You must prepare the new sentence in exactly the same way as the training data, including length and integer encoding.
At least would you mind sharing some suitable source for me to solve this problem please?
I hope you answer my question as what you done all the time. Thanks
I’m eager to help and answer specific questions, but I don’t have the capacity to write code for you sorry.
Hi Jason,
I have two questions. First, for new instances if the length is greater than this model input shall we truncate the sentence?
Also, since the embedding input is just for the seen training set words, what happens to the predictions-to-word process? I assume it just returns some words similar to the training words not considering all the dictionary words. Of course I am talking about a language model with Glove.
Yes, truncate.
Unseen words are mapped to nothing or 0.
The training dataset MUST be representative of the problem you are solving.
From what i understood from this comment,it is about prediction on test data. Lets assume that there are 50 words in vocabulary which means sentences will have unique integers uptil 50. Now since test data must be tokenized with same instance of tokenizer and if it has some new words, it would have integers with 51 ,52 oand so on..In this case,would the model automatically use 0 for word embeddings or can it raise out of bound type exception?Thanks
You would encode unseen words as 0.
All 50 vocabulary words should start from index 1 to 50, while leave 0 for unseen word in vocabulary. am I right?
Correct.
can this be described as transfer learning?
Perhaps.
We need to know for our homework pls help !!
Please see https://machinelearningmastery.com/faq/single-faq/can-you-help-me-with-my-homework-or-assignment/
Hi,
i have trained and tested my own network. During my work,when i integerized the sentences and created a corresponding word embedding matrix ,it included embeddings for train,validation and test data as well.
Now if i want to reload my model to test for some other similar data, i am confused that how the words from this new data would relate to embedding matrix?
You should have embeddings for test data as well right? or when you create embedding matrix you exclude test data?Thanks
The embedding is created from the training dataset.

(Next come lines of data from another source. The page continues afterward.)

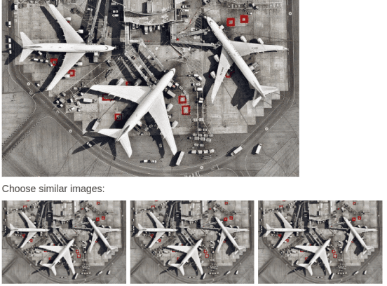 If you want to train a machine learning model on content-based image retrieval computer vision tasks, use this template. This labeling configuration displays an image and prompts annotators to select a choice corresponding to one or more similar images.
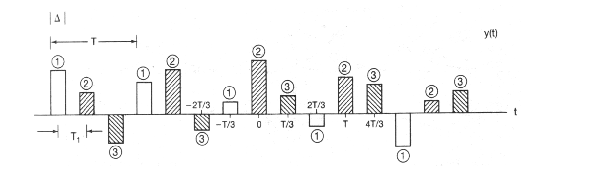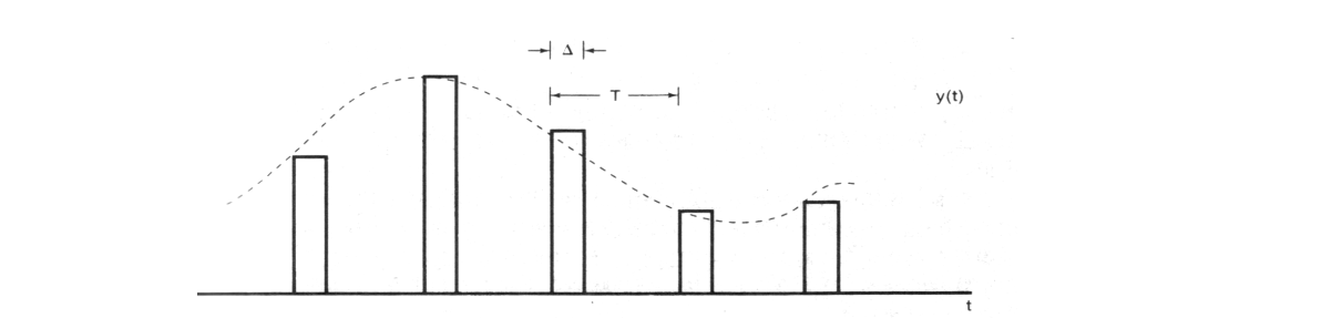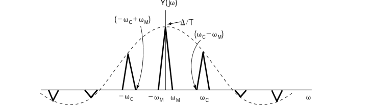 用脉冲串作为载波信号:$$C(j\omega) = 2\pi \sum_{k = -\infty}^{\infty} a_k \delta(\omega - \frac{2\pi}{T}k)$$ 那么已调信号为 $$Y(j\omega) = \sum_{k = -\infty}^{\infty} a_k X[j(\omega - \frac{2\pi}{T}k)]$$ 信号可恢复要求 $\displaystyle 2\omega_M < \frac{2\pi}{T}$.
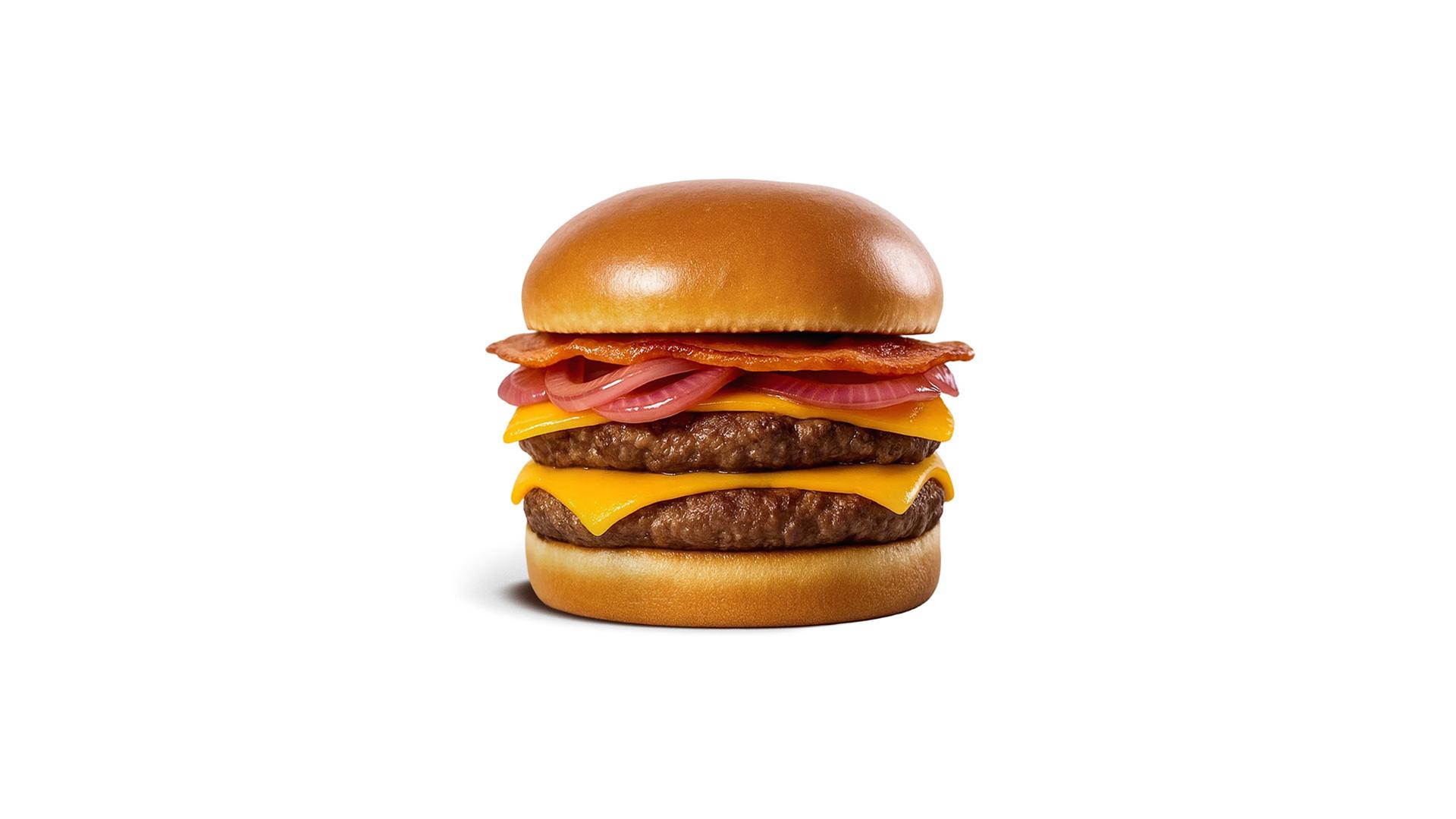 2 Grass-Fed Bison Patties*, Turkey Bacon, Cheddar, Caramelized Onions. Served with Side of Fruit. (822 cal / 84 protein, 48 carbs, 33 fat)
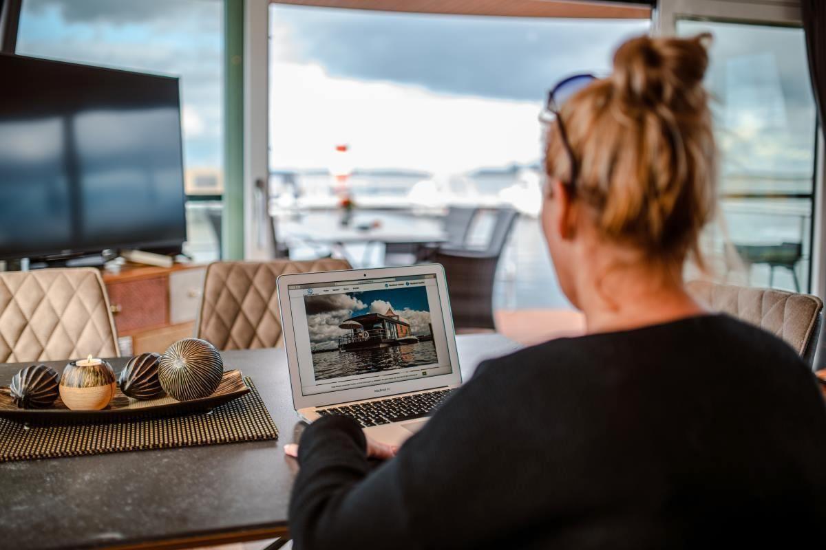 Floatinghouse Skyline: freistehendes Hausboot direkt auf dem Wasser mit Seeblick und Landschaftsblick. 44 m², 3 Zimmer, 2 Schlafzimmer und 1 Bad für bis zu 4 Personen, kinderfreundlich und Nichtraucher. Offene Küche zum Wohnzimmer mit Ceranherd, Spülmaschine und Kaffeemaschine. Klimaanlage, WLAN/TV/Radio sowie überdachte Terrasse mit Gartenmöbeln und Sonnenliegen.
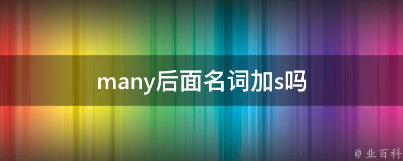 many后面名词加s。many是修饰可数名词的,其后面的单词必须加s。many,英语单词,限定词、代词、形容词、名词,作限定词时意为许多;作代词时意为许多、许多人;作形容词时意为许多的;作名词时意为大多数人。

It should be sufficiently rich/representative enough to cover all data you expect to in the future.
New data must have the same integer encoding as the training data prior to being mapped onto the embedding when making a prediction.
Does that help?
yes,i understand that i should be using the same tokenizer object for encoding both train and test data, but i am not sure how the embedding layer would behave for the word or index which isnt part of embedding matrix. Obviously test data would have similar words but there must be some words that are bound to be new. Would you say this approach is right to include test data too while creating embedding matrix for model? If you want to predict using some pre trained model,how can i deal with this issue? A small example can be really helpful. Thanks alot for all the help and time!
It won’t. The encoding will set unknown words to 0.

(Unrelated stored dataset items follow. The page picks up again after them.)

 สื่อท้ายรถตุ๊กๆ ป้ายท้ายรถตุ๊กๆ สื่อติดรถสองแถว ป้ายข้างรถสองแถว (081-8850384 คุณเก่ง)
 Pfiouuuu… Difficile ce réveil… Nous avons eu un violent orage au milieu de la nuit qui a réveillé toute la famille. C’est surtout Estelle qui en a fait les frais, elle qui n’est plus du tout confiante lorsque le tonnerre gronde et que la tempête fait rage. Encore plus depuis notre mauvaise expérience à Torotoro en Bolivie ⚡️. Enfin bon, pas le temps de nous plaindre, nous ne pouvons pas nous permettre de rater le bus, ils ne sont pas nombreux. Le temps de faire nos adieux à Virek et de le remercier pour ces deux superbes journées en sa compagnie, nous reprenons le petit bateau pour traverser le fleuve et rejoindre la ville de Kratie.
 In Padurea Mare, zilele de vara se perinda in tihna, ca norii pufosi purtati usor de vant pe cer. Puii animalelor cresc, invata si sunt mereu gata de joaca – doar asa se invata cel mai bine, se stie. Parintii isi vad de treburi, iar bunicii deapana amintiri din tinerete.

It really depends on the goal of what you want to evaluate.
i want to train my model to predict the target word given to a 5 word sequence . how can i represent my target word ?
Probably using a one hot encoding.
Hello Jason,
This is regarding the output shape of the first embedding layer : (None,4,8).
Am I correct in understanding that the 4 represents the input size which is 4 words and the 8 is the number of features it has generated using those words?
I believe so.
Hi Jason,
Thanks for sharing your knowledge.
My task is to classify set of documents into different categories.( I have a training set of 100 documents and say 10 categories).
The idea is to extract top M words ( say 20) from the first few lines of each doc, convert words to word embeddings and use it as feature vectors for the neural network.
Question : Since i take top M words from the document, it may not be in the “right” order each time, meaning the there can be different words at a given position in the input layer ( unlike bag of words model). Wont this approach impact the Neural network from converging?
Regards,
Srini
The key is to assign the same integer value to each word prior to feeding the data into the embedding.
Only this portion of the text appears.